A Chalco spokeswoman declined to comment. Several sources said officials were still discussing further purchases and could target 1 million tonnes in total. Chinese officials have said they plan to buy up resources and materials to support producers, who are smarting from prices that have fallen below the cost of production.
"Aluminium prices were encouraged on the reserve purchase news," said analyst Jia Zheng at Southwest Futures. "The decided purchase volume seems to be lower than expected but we are looking forward to more movement by the reserve bureau." The SRB has already bought 30 tonnes of indium, a minor metal used in making LCD screens, from a large Chinese smelter, a trade source said last week. It also plans to buy 300,000 tonnes of zinc, a smelter official said last Friday.

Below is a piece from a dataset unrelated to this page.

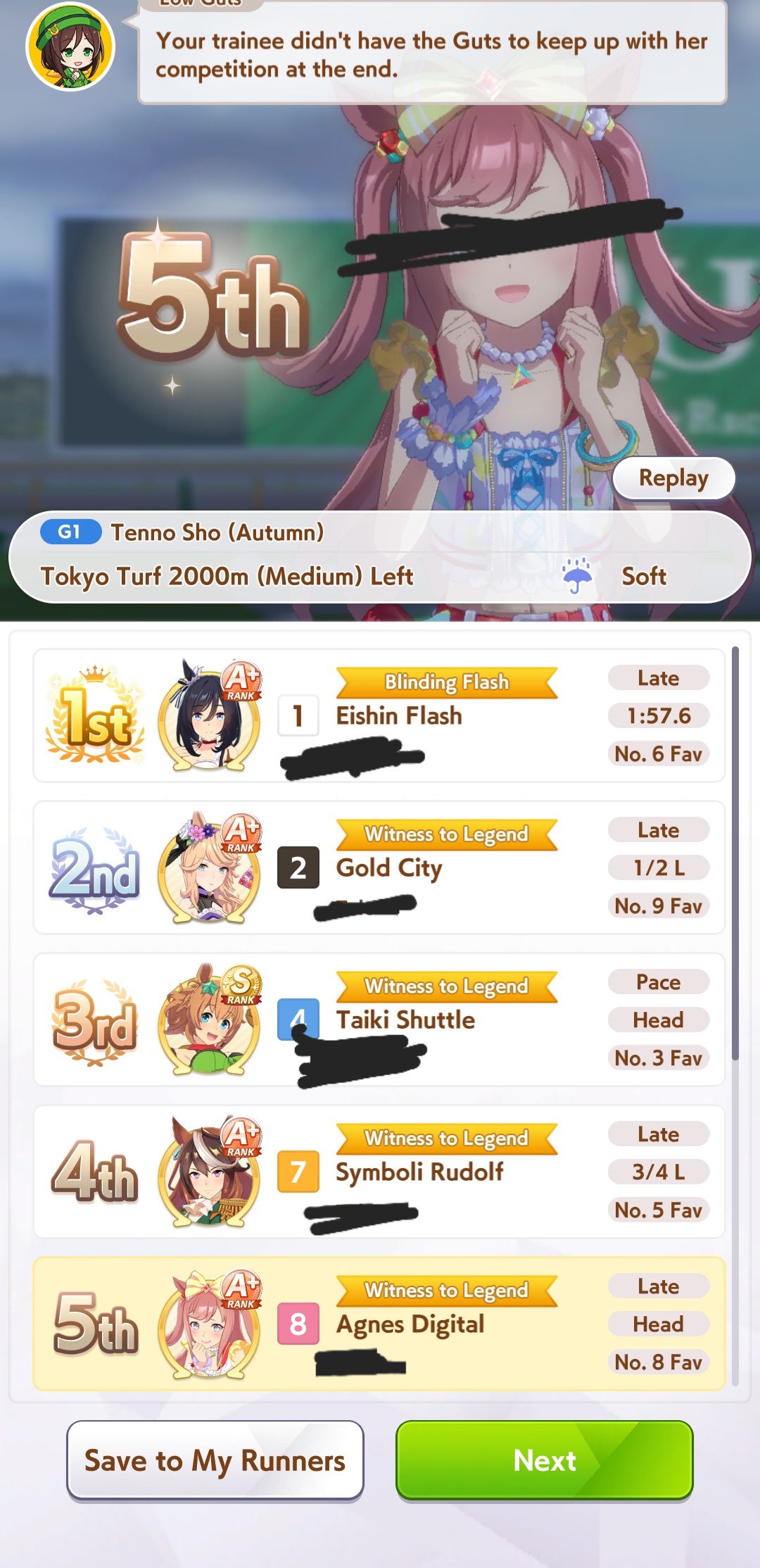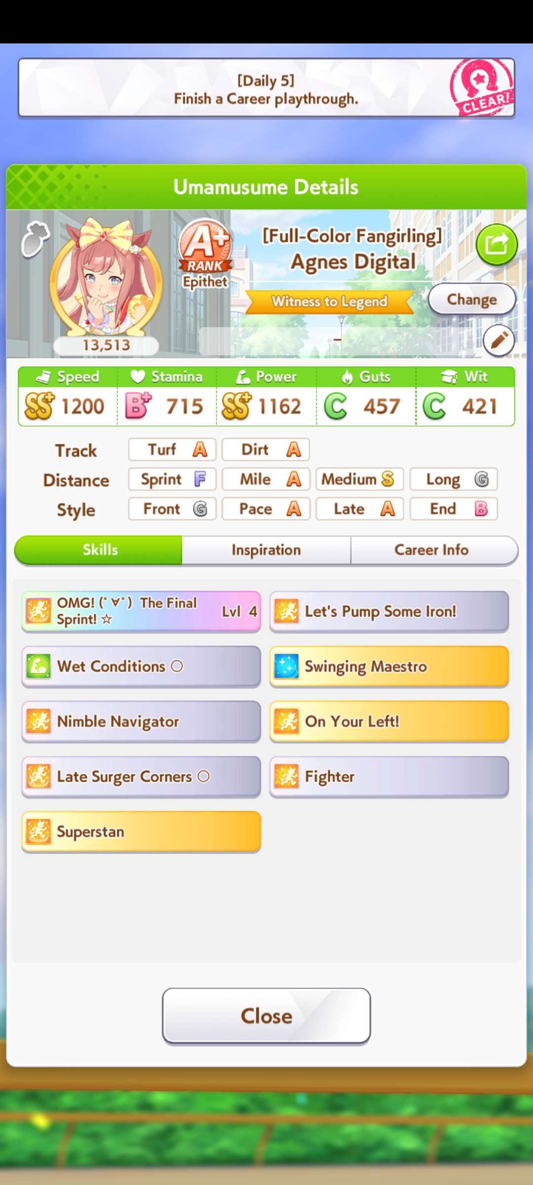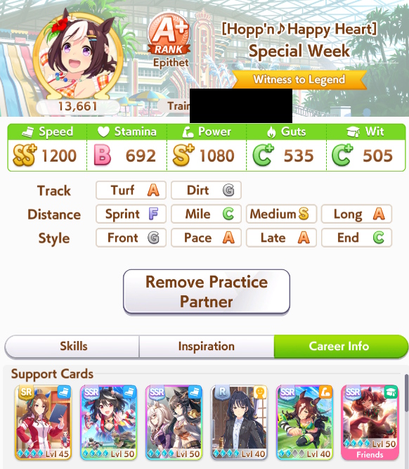 >>728660283I've been memeing graded losers bracket with 1200 800 800 1200 or so I'm gonna retire her and go again with better rng this time, and I have more SSR guts cards now. 5 guts and riko trust the process. What's the distance?

China's aluminium companies, like their competitors world-wide and their peers in other base metals, have been forced to shut in some production to cope with the impact of the global economic crisis, which has crippled demand.
"The government has approved a total reserve build of 1 million tonnes. The SRB has not re-stocked for a long time because prices were so high. And I estimate the state reserve has only about 200,000 inventory of aluminium," said one analyst who declined to be named. Chalco's Shanghai-listed shares slumped in early trading and failed to recover, trading in a narrow range and ending 3.3 percent down at 6.510 yuan.